This was the time, and this was the scene.

Philippine independence had earlier been declared on June 12, 1898.

It hoped to send ripples down the archipelago.

And it did.

On the 5th of November that year, Negrenses took to the streets to claim their inalienable right to self-determination.

No other story in the archives of Negros wields greater sway in the evolution of Negrense heritage than this historic fight for independence from Spanish rule, and the consequent establishment of the Cantonal Republic of Negros.

A hundred twenty three years later, Cinco de Noviembre is an annual, province-wide holiday commemorating the brave spirit of Negrenses. And?

Sadly, much of this may be lost in today’s generation.

But then again, the young is not entirely to blame for not knowing about events in 1898, when their knowledge of history doesn’t even stretch back to as recently as Martial Law in the 1970s and 1980s.

It is up to the older generation to continue the noble mission of educating the young about this single most defining event in the narrative of Negros, Cinco de Noviembre.

For this reason, Negros Season of Culture marks the occasion each time it rolls around.

NSC was launched on this day in 2020, and this year 2021, NSC returns to deliver a fresh view of the memoirs.

Doing so confirms, Cinco de Noviembre is not just a day in history, but a constant wellspring of good vibes for all freedom-loving Filipinos, now and for all time.

Negros Season of Culture’s journey back in time begins with the two main characters of the saga, Gen. Aniceto Lacson of Talisay who led katipuneros from the north, and Gen. Juan Araneta of Bago who organized farm workers in the south.

The two converged in Bacolod to secure the surrender of the Spanish governor.

The production team of Negros Season of Culture sat down at length with descendants of the two generals to derive insight about them at the time that they lived, straight from inside their homes.

For Gen. Aniceto Lacson, the NSC team visited the actual set of the planning of the revolt.

Casa Grande, as it has been called, is a bahay-na-bato structure that sits in the middle of Gen. Lacson’s sugarcane plantation in Talisay City.

In this hacienda, katipuneros, or members of the Kataastaasan, Kagalanggalangang Katipunan ng mga Anak ng Bayan (KKK), were disguised as farm laborers awaiting the appointed day to start the revolution.

When the smoke settled, the Spanish forces in Negros surrendered and Gen. Lacson was elected President of the Cantonal Republic of Negros.

Casa Grande served as the country’s first presidential palace.

At that time, Malacañang was being passed on from Spanish rulers to the Americans who, by virtue of the Treaty of Paris at the end of the Spanish-American War, subjugated the Spanish territories of Guam, Puerto Rico, and the Philippines.

The General Aniceto Lacson Ancestral Home was declared a National Historic Landmark by the National Historic Institute in 2002.

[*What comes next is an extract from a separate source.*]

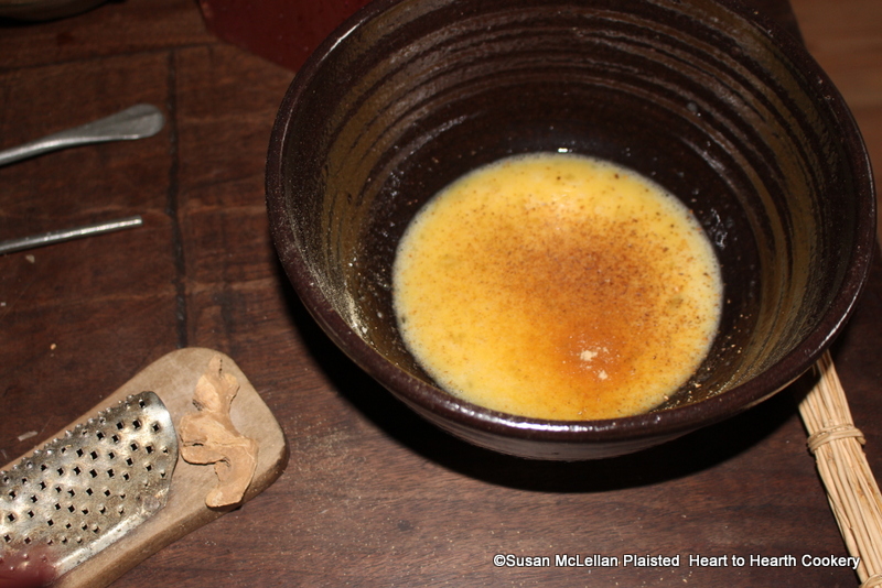 After putting grated nutmeg to the eggs and sugar for the receipt (recipe) Skirret Fritters put in ginger and mix it with a large spoonful of flour (if a large spoonful of flour is not sufficient put in more).

For Gen. Araneta, the NSC crew was welcomed into General Juan Araneta Residence and Landmark Museum in Bago City.

The house was given to the general by a relative shortly after the revolution.

It is fondly called by locals as Balay ni Tan Juan, since the general was previously a Capitan Municipal, hence the nickname Tan Juan.

The museum celebrates the role of Gen. Araneta as commander of the southern forces.

Here one discovers the ingenuity of the general through stories of makeshift cannons, made out of rolled bamboo mats and painted black, and improvised rifles fashioned from nipa fronds.

The silhouette of farm workers marching with artillery was enough to convince Spanish authorities to surrender.

The museum also includes testaments about illustrious children of Bago City, including a Senator and a Chief Justice, who offered sterling service in all branches of the national government through the years.

In 1978 the descendants of Gen. Juan Araneta donated the property to Bago City.

It was promptly declared a National Historical Landmark by the National Historical Commission.

On eve of another election year, Negros Season of Culture inspires you to reflect on what enables the Filipino to hope and move forward from crises, year after year.

Negrenses have been spared by moments of integrity, industry, and innovation punctuating the lives of their courageous forefathers.

Their stories, archaic if not forgotten, have the unenviable job of pleading with today’s young minds to pause, listen, and learn.

Negros Season of Culture offers to bridge the generational divide.